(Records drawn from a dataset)
· · ·

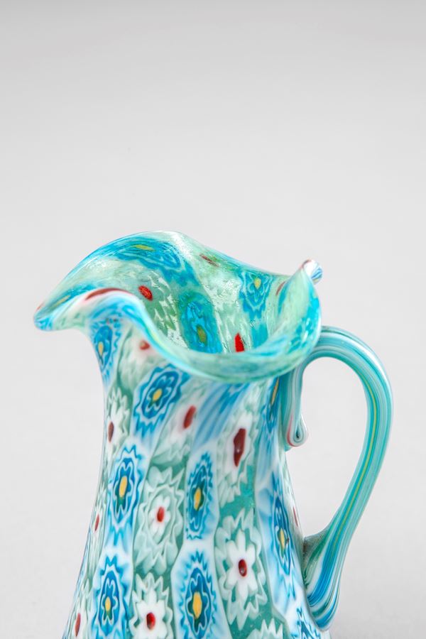 Vetro soffiato a murrine policrome con ansa applicata a caldo.
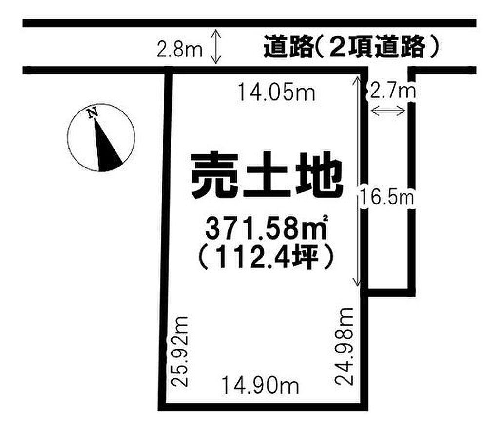 | セットバック | 有 | 接道状況 | 二方 ( 北 2.8m 私道 間口14m ) ( 東 2.7m 私道 間口16.5m ) | ||
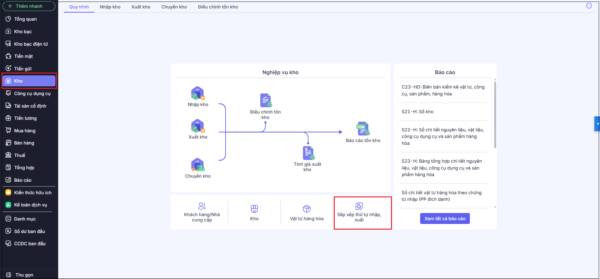 Bước 2: Vào menu Kho\Sắp xếp thứ tự nhập, xuất
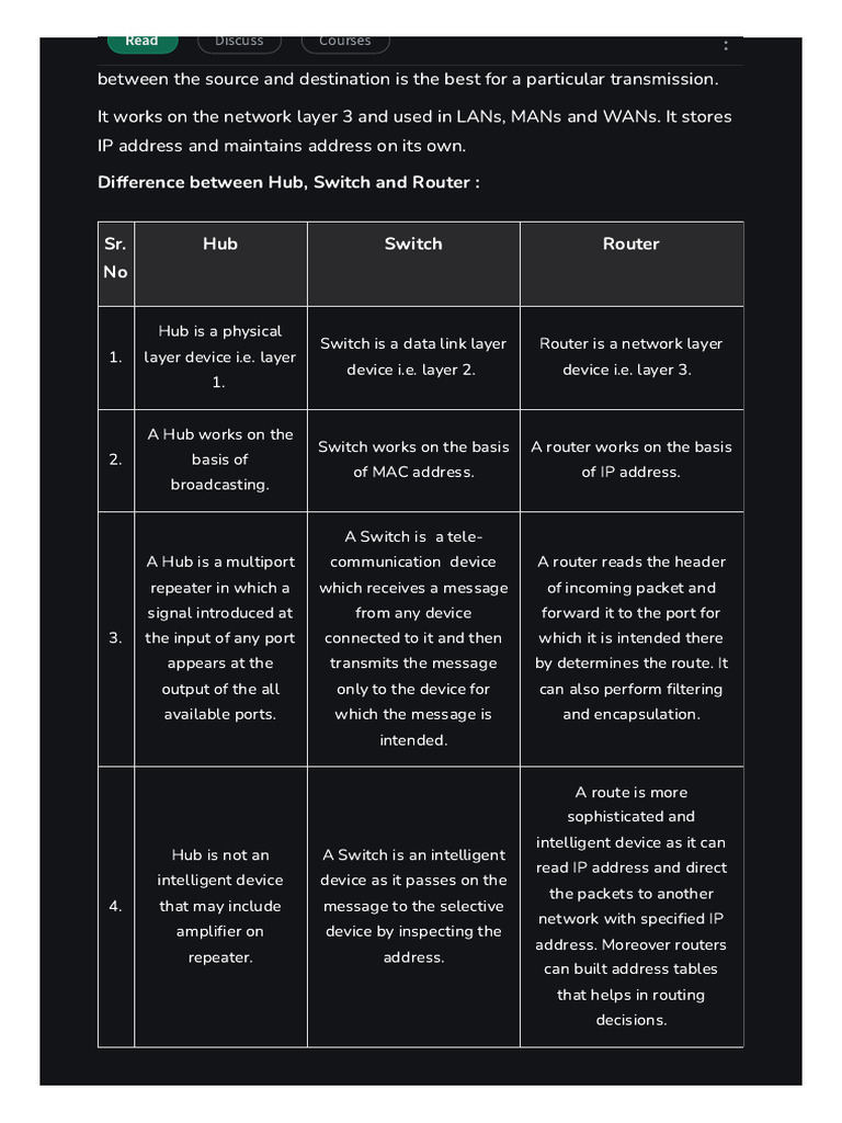 Difference between Hub, Switch and Router :
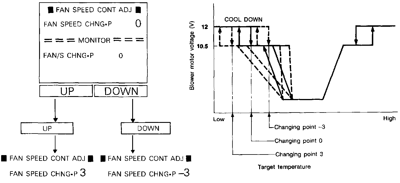FAN SPEED CONTROL ADJUSTMENT: Adjustment of highest blower fan speed changing point.
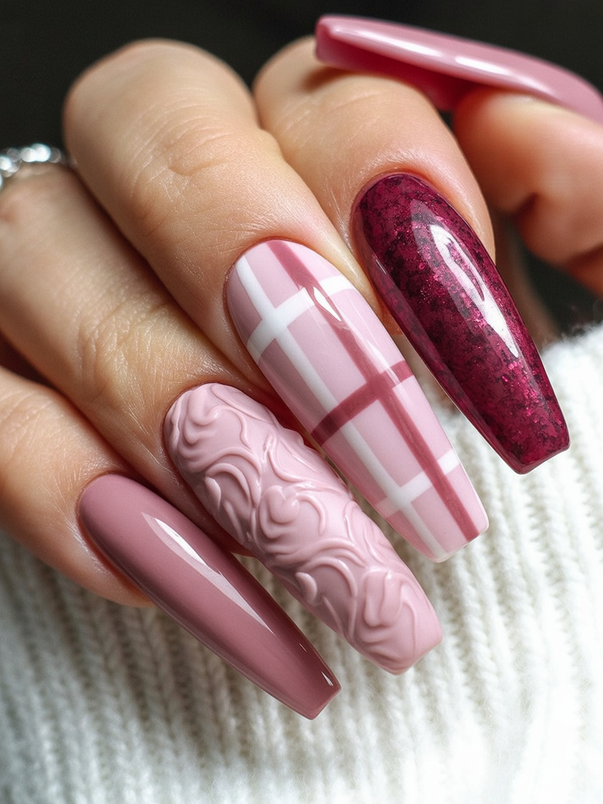 This beautiful ensemble is the result of comfy and glamorous coming together. These textured knit nails add a punch of pink to a glossy plaid and a burgundy shimmery accent nails and create the most play with fall rich color scheme in a girly way.
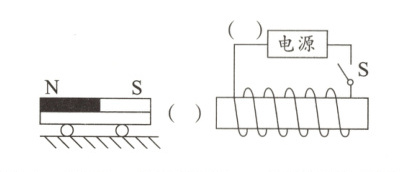 4. (梅州模拟)如图所示,闭合开关S,条形磁体因受磁力向右运动,请在图中括号内标出电磁铁左端的极性(用“N”或“S”表示)和电源左端的极性(用“+”或“-”表示)。
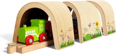Ta vsestranski tunel za lesene vlakce zlahka poživi vsako progo. Uporabite ga lahko kot preprost raven prehod z obratom za 180° ali pa združite več kosov in ustvarite gladek lok – idealno tudi za dolge ukrivljene tire. Zaradi gladke površine in zaobljenih robov je varen ter prijeten na otip.
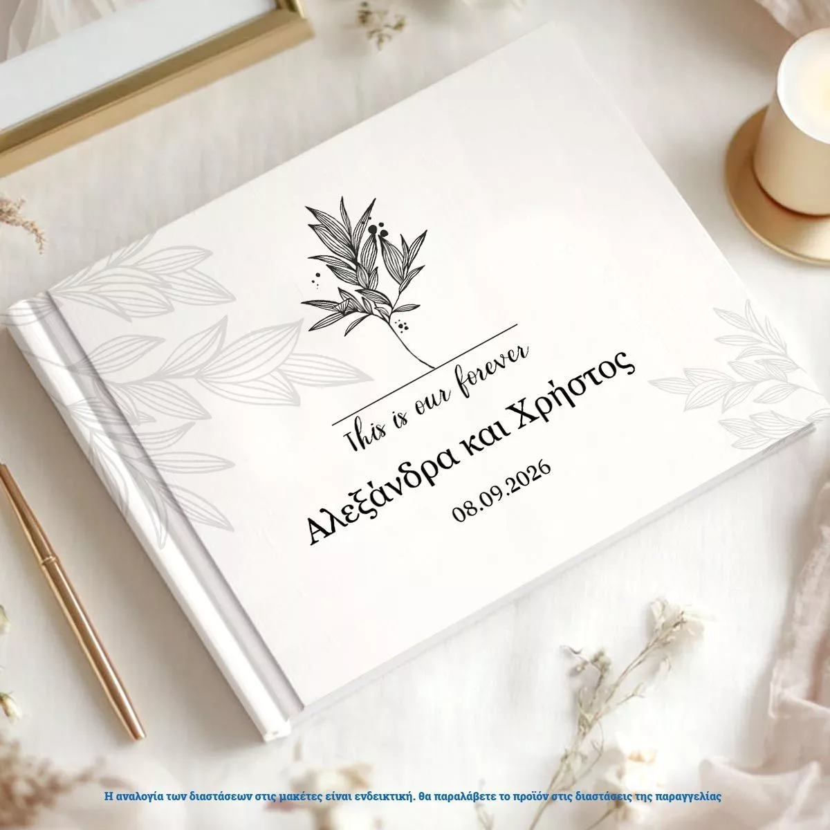 Mε τα ονόματα και την ημερομηνία του γάμου σας.
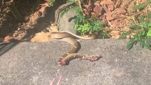 Hier soir, à plus de 22H, Nadine nous appelait, elle avait un serpent d’environs 70 cm, sur son balcon….
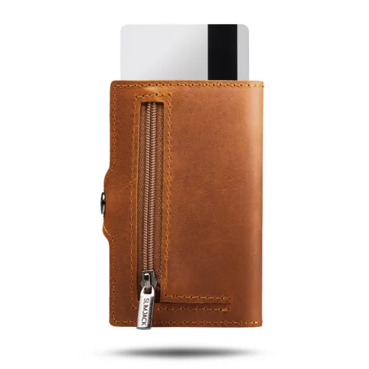 Schlanke Geldbörse aus hochwertigem Echtleder, mit RFID-Kartenfach aus Aluminum für die sichere Aufbewahrung und garantiertem Schutz vor Datenklau, schneller Kartenzugriff auf bis zu 6 Karten im Kartenhalter und 2 Karten im Innenfach, zusätzlicher Clip für Geldnoten auf der Innenseite und praktisches Münzfach auf der Rückseite, geliefert in schöner Geschenksbox
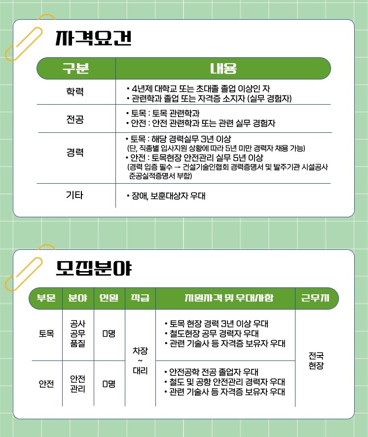 건설인사팀 ☎ 02-450-8401 / 토목공사팀 ☎ 8648 / 건설안전보건기획팀 ☎ 8231
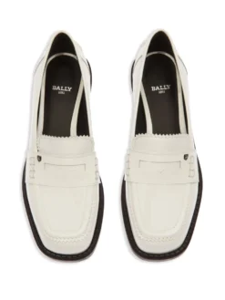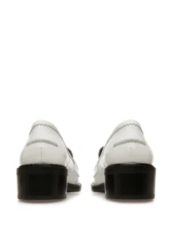 Timeless design is coupled with offbeat detailing in these white leather loafers. Emphasising the reinvented mood, sleek lines are contrasted with jagged edging and polished B-Chain hardware.
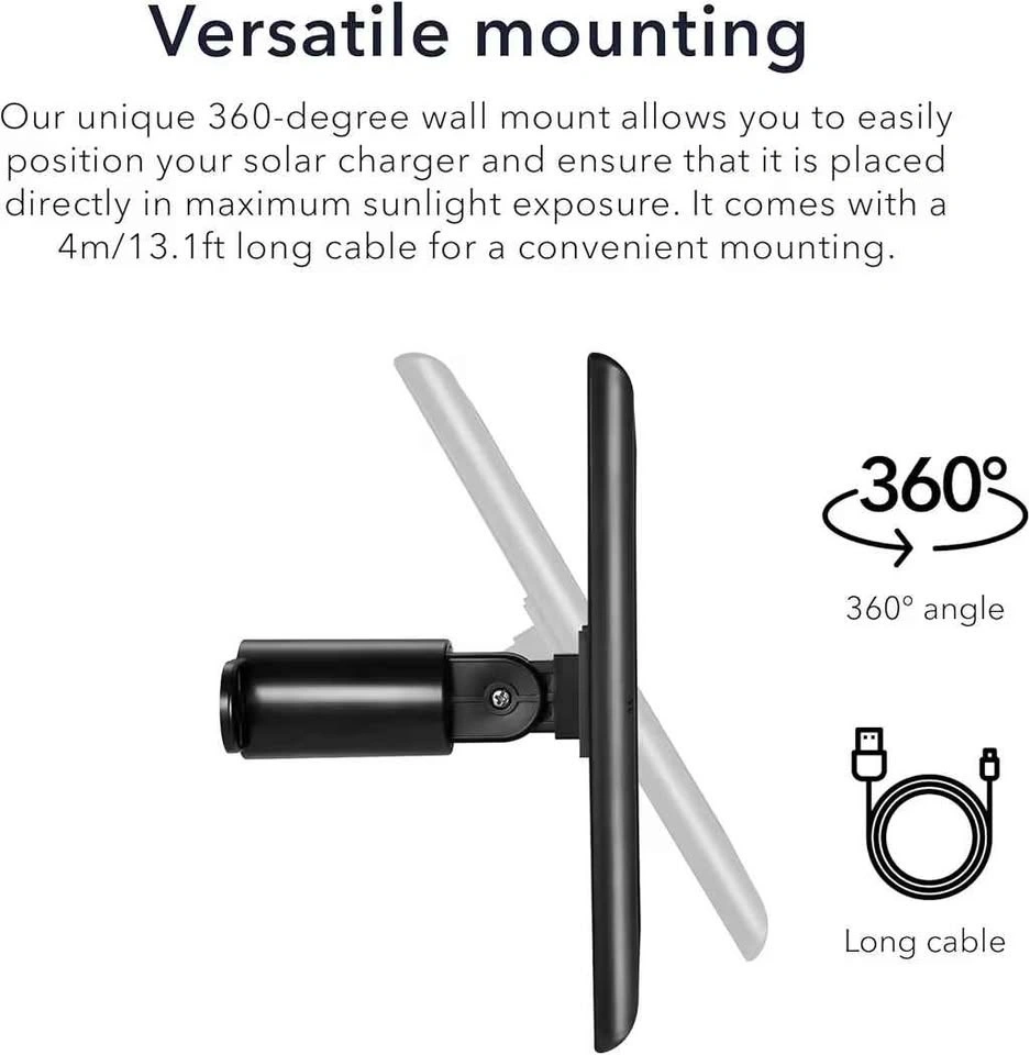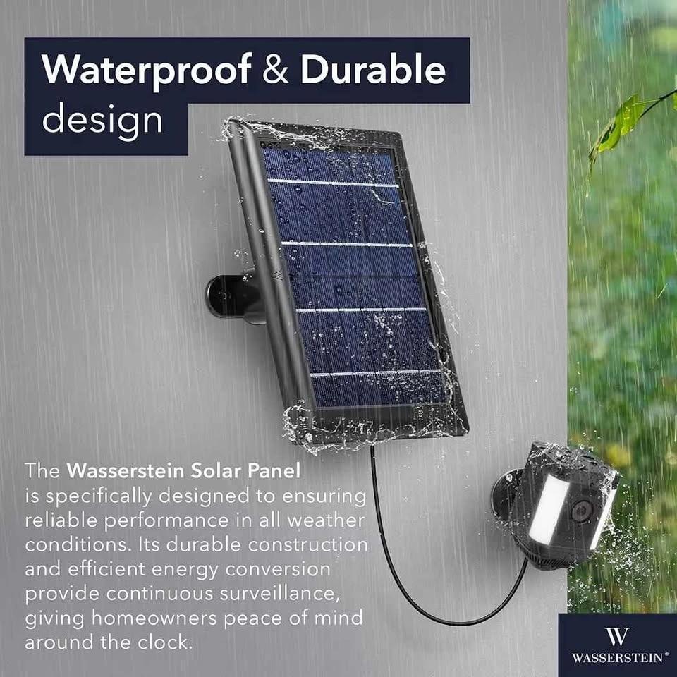 Wasserstein 3-pack solar panels for Ring Spotlight Cam. Battery & other compatible cameras. Features efficient solar cells, 360° adjustable mount, and 4m/13ft cables for easy positioning. Quick installation with included USB-C adapters, mounting brackets, screws, and anchors. Keep your cameras charged reliably with solar power.

· · ·

## [Required work]
Exactly as written, repeat the lines from the beginning of the entries up to and including the line with "Hier soir, à", but not the pictures.

## [Answer box]
 Vetro soffiato a murrine policrome con ansa applicata a caldo.
 | セットバック | 有 | 接道状況 | 二方 ( 北 2.8m 私道 間口14m ) ( 東 2.7m 私道 間口16.5m ) | ||
 Bước 2: Vào menu Kho\Sắp xếp thứ tự nhập, xuất
 Difference between Hub, Switch and Router :
FAN SPEED CONTROL ADJUSTMENT: Adjustment of highest blower fan speed changing point.
 This beautiful ensemble is the result of comfy and glamorous coming together. These textured knit nails add a punch of pink to a glossy plaid and a burgundy shimmery accent nails and create the most play with fall rich color scheme in a girly way.
 4. (梅州模拟)如图所示,闭合开关S,条形磁体因受磁力向右运动,请在图中括号内标出电磁铁左端的极性(用“N”或“S”表示)和电源左端的极性(用“+”或“-”表示)。
Ta vsestranski tunel za lesene vlakce zlahka poživi vsako progo. Uporabite ga lahko kot preprost raven prehod z obratom za 180° ali pa združite več kosov in ustvarite gladek lok – idealno tudi za dolge ukrivljene tire. Zaradi gladke površine in zaobljenih robov je varen ter prijeten na otip.
 Mε τα ονόματα και την ημερομηνία του γάμου σας.
 Hier soir, à plus de 22H, Nadine nous appelait, elle avait un serpent d’environs 70 cm, sur son balcon….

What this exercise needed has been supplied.